Nous avons le droit de savoir, nous voulons un test de dépistage Covid pour toutes les catégories de personnel qui le souhaitent.

-Un masque de soins à usage unique type FFP1 coûte à l’AP-HP 3 centimes d’euros. Un masque type FFP2 coûte 15 centimes (sources syndicales). Combien coûte un dépistage-Covid ? Nous ne savons pas et nous ne compterons pas : il s’agit de sauver des vies ! Et nos vies valent plus que de l’argent !
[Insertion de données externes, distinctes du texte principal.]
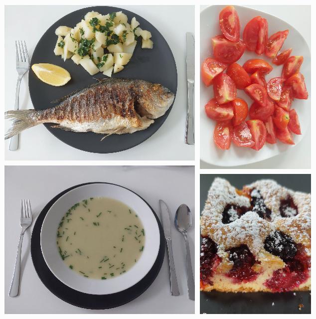 Sobota: brancin iz pečice,pečen krompir in bučke, kumare v solati

Info : témoignage d’un médecin (pour raison de sécurité il restera anonyme ) :

« Je ne prendrais pas l'exemple de l'Allemagne. Ils minimisent le nombre de morts en disant que si tu as une autre maladie et le COVID, c'est l'autre maladie qui t'a fait mourir.

Le Japon, Singapour et surtout Hong Kong sont des exemples où la POPULATION avait des masques.

Les courbes sont parlantes. [...]

Je dirais même plutôt que le fait que la crise ait simplifié la chaîne de décision avec un vrai pouvoir aux équipes de terrain a permis une réactivité que nous ne connaissions plus depuis la loi HPST !

Et que les primes annoncées doivent aller maintenant dans les fiches de paye des soignants, car ce sont bien les équipes au front qui prennent en pleine gueule les mesures de précarisation de la fonction publique hospitalière. »

Chacun d’entre nous soignant-e-s, IADE(s), IBODE(s), IDE(s), AS, ASH, Kiné-e-s, Techniciens-e-s de Laboratoire à Jean Dausset en virologie ou autres, médecins, chirg (s), cadres, personnels administratifs, agents de nettoyage, agents de sécurité, agents des cuisines, ouvriers des services techniques, brancardiers, manips –radios, diététiciennes ... sommes confrontés à cette pandémie, et sommes pour beaucoup d’entre nous au contact du patient, y compris à Broca où la situation s’est aggravée et continue de se dégrader... Pourquoi les médias ne montrent-ils pas les camions frigorifiques garés devant nos hôpitaux ?

« La direction nous répond que nous ne pouvons-nous faire tester qu’en cas de signes apparents alors qu’à ce moment, c’est trop tard » : nous sommes en droit d’être testés !

Nous voulons connaître notre état de santé, pour nous rassurer, mais aussi informer nos proches autant que les malades qu’on soigne ou nos collègues. À notre demande auprès de nos cadres ou médecins du service, nous sommes en droit d’obtenir un test systématique.

Le discours de Macron annonce des « moyens » pour affronter cette nouvelle maladie, mais dans les faits les blouses blanches sont envoyées au front, démunies de tout.

Allons-nous subir le sort des «nettoyeurs» (nom donné aux sacrifiés de Tchernobyl, ceux envoyés avec un linge sur la bouche et une paire de bottes, pour pelleter les gravats vitrifiés de radioactivité)

Après avoir fermé des lits, des services, des hôpitaux, Martin Hirsch, directeur de l’AP-HP déclare au journal de France 2 : «Je supplie l’ensemble des Français d’appliquer les mesures annoncées». Après sa démolition systématique du système de santé en France, que reste-t-il à Macron et Hirsch ? La supplication.

Nous collègues, de toutes catégories et de tous services, exigeons de la direction de Cochin et Broca un dépistage systématique. Cette question doit être débattue et réglée dans un chsct-l-extraordinaire, sinon, nous irons chercher nous-mêmes notre réponse.

Notre demande est légitime :

Droit au dépistage systématique pour le personnel hospitalier qui le désire.